You probably haven't given much thought to how glass is produced. In fact, the float glass required for uses such as shop windows, cars and mirrors is very difficult to turn into float glass. Or at least it was before Sir Alastair Pilkington (1920-1995) developed the process of producing flat glass in the UK in 1959.
The flat glass was first produced in France in the 17th century. Flat glass is first melted; Then it is poured into molds and passed between rollers, thinned and flattened with the help of polishing and grinding processes. However, it is very difficult to obtain a perfect glass with this method.
Sir Lionel Alexander Bethune Pilkington OBE FRS (7 January 1920 – 5 May 1995), known as Sir Alastair Pilkington, was a British engineer and businessman who invented and perfected the float glass process for commercial manufacturing of plate glass.

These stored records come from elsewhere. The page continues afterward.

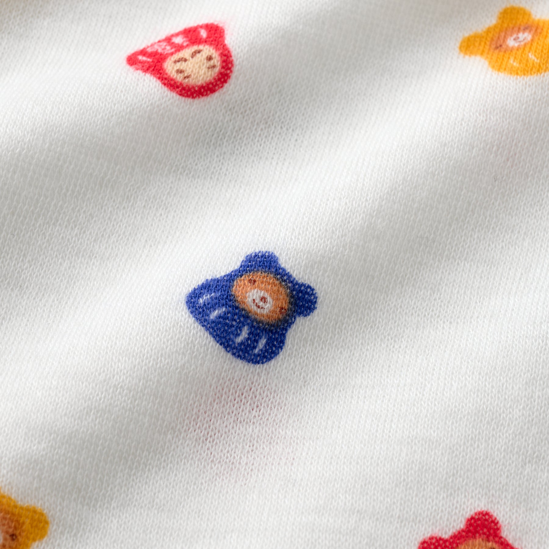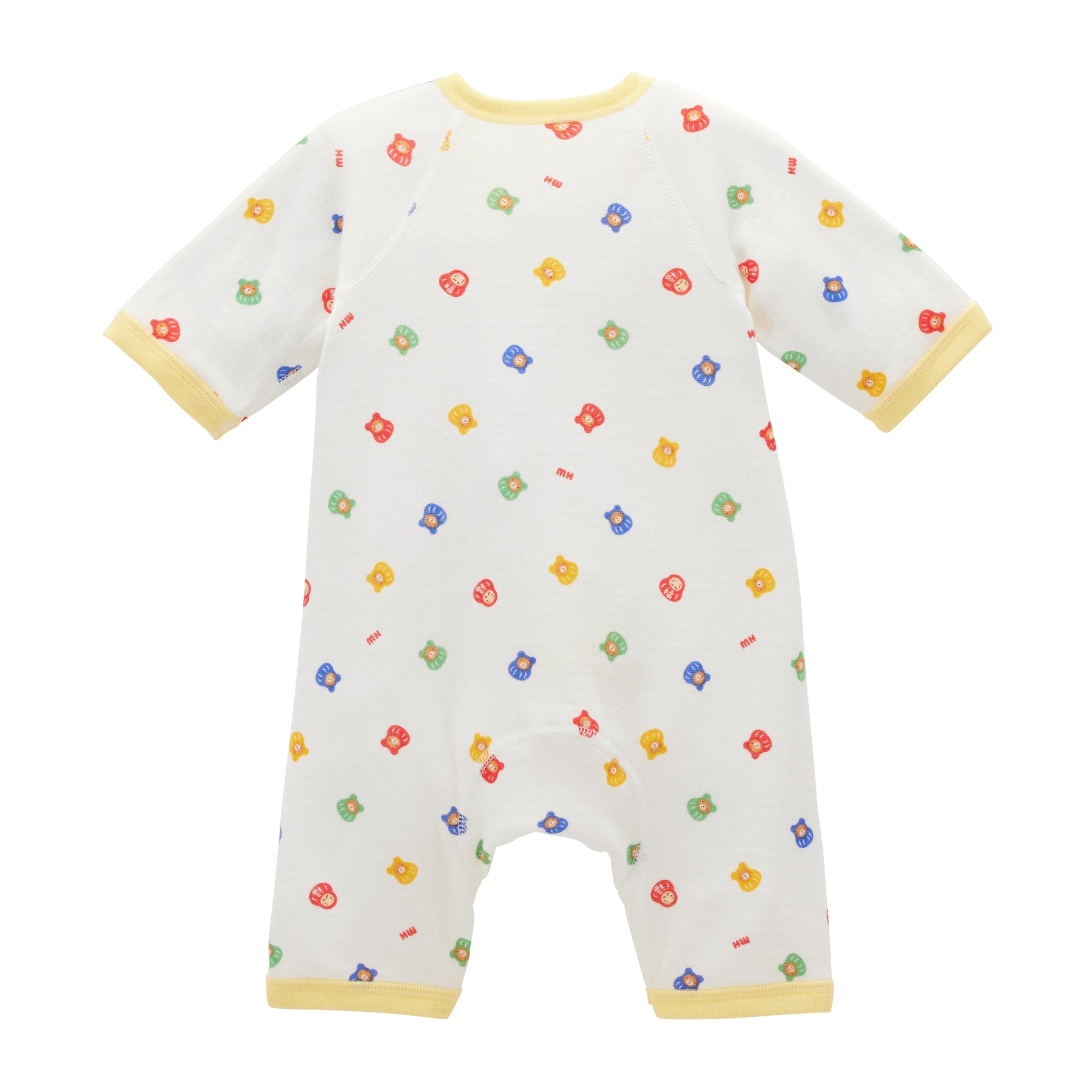 This is a combination all-in-one made of a softly layered double-knit gauze material. It features a print of beckoning cats and lucky daruma dolls. These auspicious, very Japanese-style motifs make it a great choice for birth celebrations and gifts.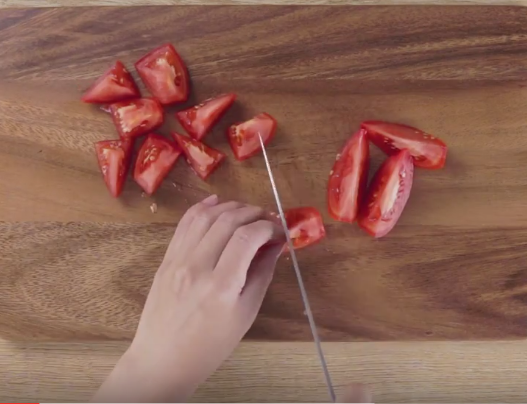 トマトはくし形に切り、それを半分に切る。ミニトマトは半分に切る。たまねぎはスライスして、水に軽くさらす。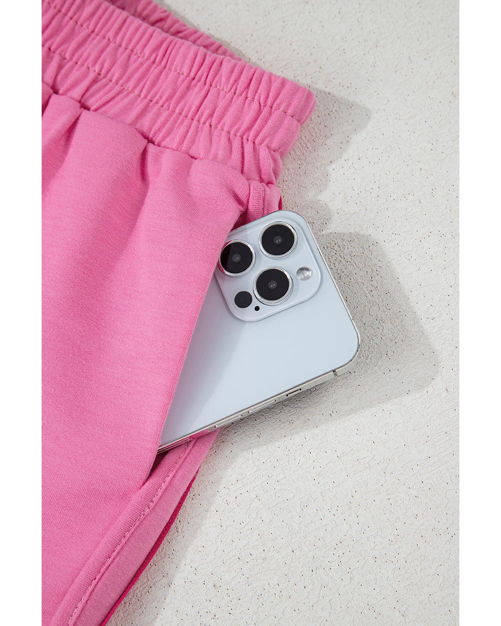 Bonbon Color Block Stripes Elastic High Waist Active Shorts – L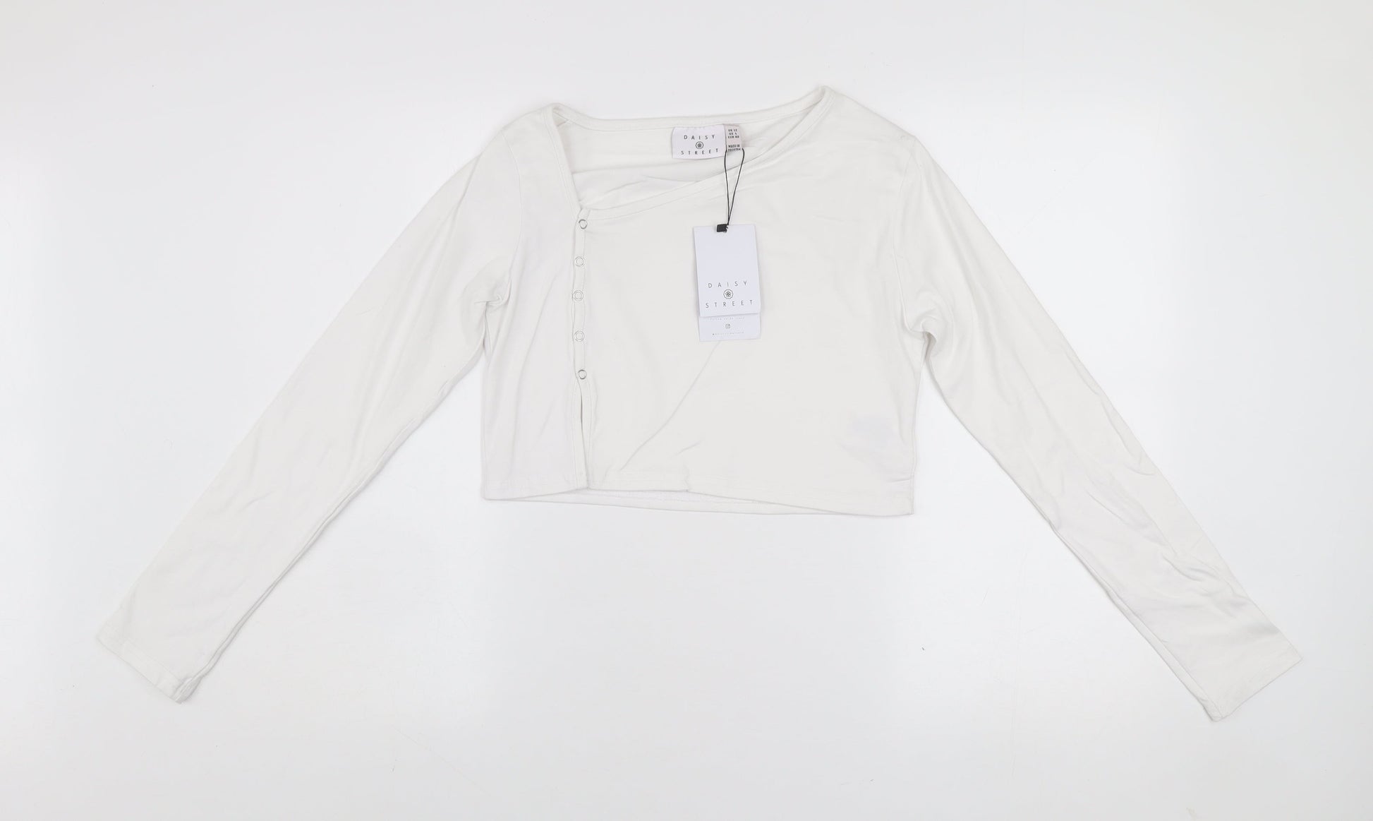 Daisy Street Women’s White Cropped Long Sleeve Button Slim Fit Top UK 12
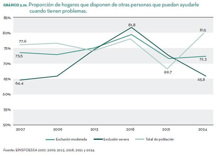 L’IX Informe FOESSA assenyala que malgrat les dificultats que afronten diàriament les llars en exclusió severa, tres de cada quatre activen estratègies d’inclusió, és a dir, busquen ocupació, es formen, activen xarxes i ajusten despeses, però xoquen amb barreres estructurals, es topen amb dispositius fragmentats, amb recursos escassos i molt poc personalitzats. L’activació en aquestes llars va passar del 68% en 2021 al 77% en 2024.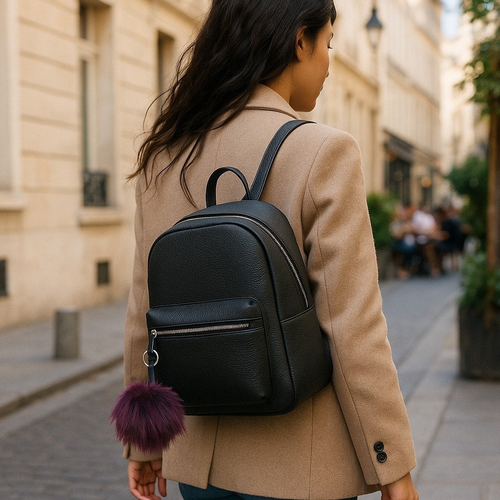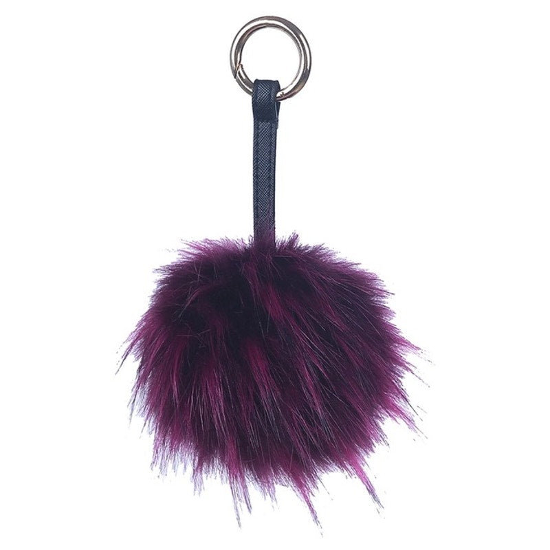 Plum Purple Faux Fur Pom Pom Key Chain Keyring Bag Charm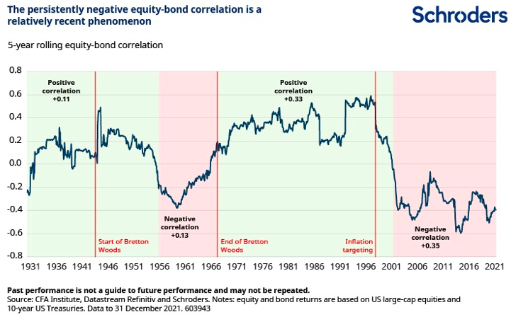Sean Markowicz, stratège chez Schroders, fait le point sur l'origine de la corrélation entre actions et obligations, sur la raison de son évolution au fil du temps et sur ce que cela signifie en cette période d’insécurité face aux taux et à l'inflation. Il s'interroge sur la poursuite de la corrélation négative entre actions et obligations des 20 dernières années.

Alastair Pilkington worked as a Technical Engineer for glass manufacturer Pilkington Brothers (whose name is a coincidence, by the way) and it took him seven years to perfect his technique for making flat glass. Prior to this, the plating process was used, developed in 1848 by the English engineer Henry Bessemer. But this process was an expensive method. Because the plating process caused the glass to deteriorate and scratch, these defects on the glass had to be corrected by polishing.
In flat glass production, a molten glass mixture traditionally composed of silica, sodium carbonate, calcium oxide, magnesium oxide and aluminum oxide is poured into a bath of molten tin. This results in the formation of a perfectly smooth glass strip on both sides, equal to a flat thickness of 6.8 mm. This glass strip makes it possible to stretch a thinner glass or vice versa, to form a thicker glass by stretching as needed. It is progressively cooled through the tin bath and then heats treated in a long furnace called a lehr. This is necessary because if the glass is cooled faster than necessary, the pressure on the glass will increase even more, causing the glass to break under the cutters.
A flat glass line can be around 500 meters long and produce 6,000 km of glass per year. Thanks to this innovative method, 970,000 tons of flat glass is produced every week in 370 flat glass factories around the world.